Before you go and try mixing barrels full of chemicals and throwing in whatever you believe to have succes in there without any knowledge of how to get your pm's out, or how to test if there is something in solution:

Stop. Study dealing with waste. Follow the advice given.

Those 32 liters of acid are probably still very usable. May not see it as waste and get some of value out of that wasted money.

You said: 'no one told me.....'
Who told you to go and dive in head first recovering pm's from scrap with a refining process? Without any experience...

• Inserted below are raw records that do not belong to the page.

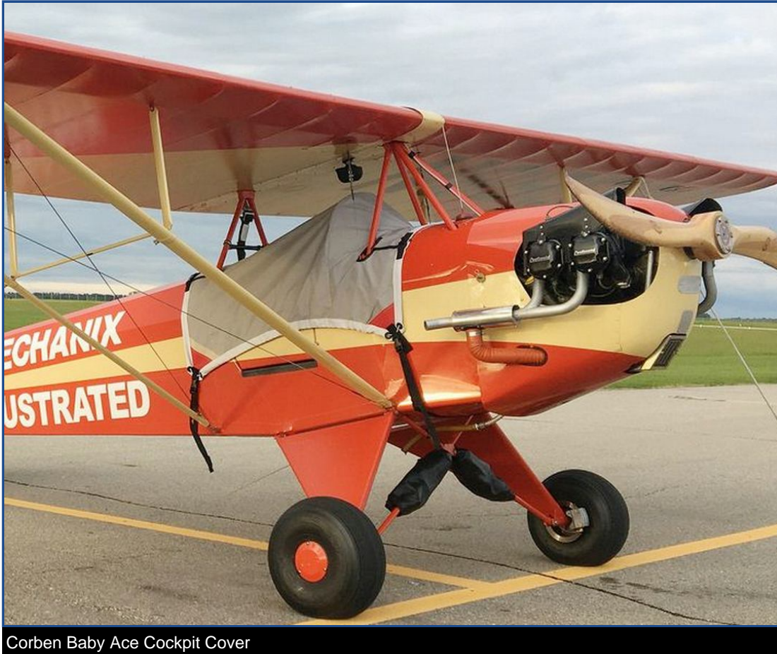
Corben Baby Ace Cockpit Cover
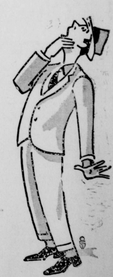
"Well I guess I better get up ther and renew before the ornery cus stops my paper!"
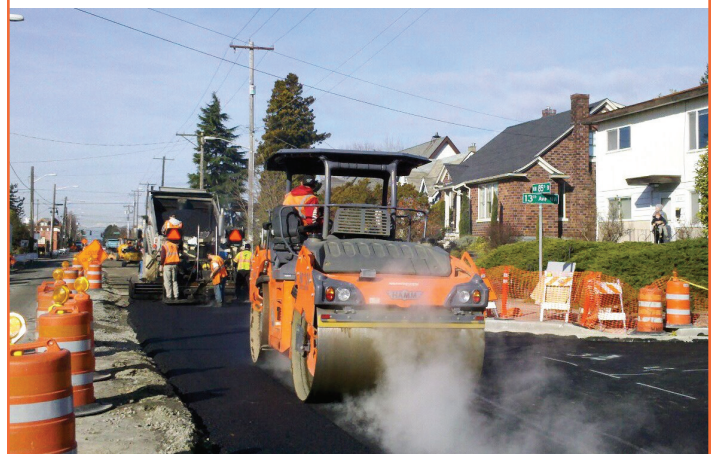
Example of crews completing a mill and overlay paving project.

Let me make one thing very clear: 


We are responsible for our own actions. 


The disclaimer on most youtube video's are very poor. 
E.g: If you stick your fingers in a working blender because you saw a cool film with diamonds on the bottom, you still put your own fingers in. No one else did. 

Or: when you get sued for the health and environmental damage you've caused in the neighborhood, the judge won't consider which video you watched. And how we the disclaimer is written. Its just YOU.

Have fun. Go study. Ask first before you attempt anything. 

And your next chemistry experiment should be on test tube scale, not barrels full of mistakes and waste to correct. 

One more: why worry about 20 euro for urine when you've probably wasted more then 100 euro on acids? Adding the fact that urea is not neccessary in refining. Knowledge is.


----------



## ólom (Nov 21, 2022)

Hello! I burned 60 kg of ic, then ground it and washed out the ash, and I want to ask how to extract the silver and gold from it? (I know there's gold in the ashes, but I don't want to deal with that!) I don't want to implement the question yet because I haven't read the book yet, but I've already translated it into my own language. I'm just very curious and enthusiastic. I burned these ICs back in the summer.


----------



## ólom (Nov 21, 2022)




----------



## ólom (Nov 21, 2022)

there were such integrated circuits, but of several types.


----------



## Yggdrasil (Nov 21, 2022)

ólom said:


> Hello! I burned 60 kg of ic, then ground it and washed out the ash, and I want to ask how to extract the silver and gold from it? (I know there's gold in the ashes, but I don't want to deal with that!) I don't want to implement the question yet because I haven't read the book yet, but I've already translated it into my own language. I'm just very curious and enthusiastic. I burned these ICs back in the summer.


There is nothing regarding e-waste in Hokes book. Electronics was for all prectical purposes non existent in the time of the book.
Concentrate your ashes as best you can by gravity and magnetic separation.
Then incinerate again to make sure ALL carbon is removed.

Save the concentrates until you are ready to process them. (Finished studying)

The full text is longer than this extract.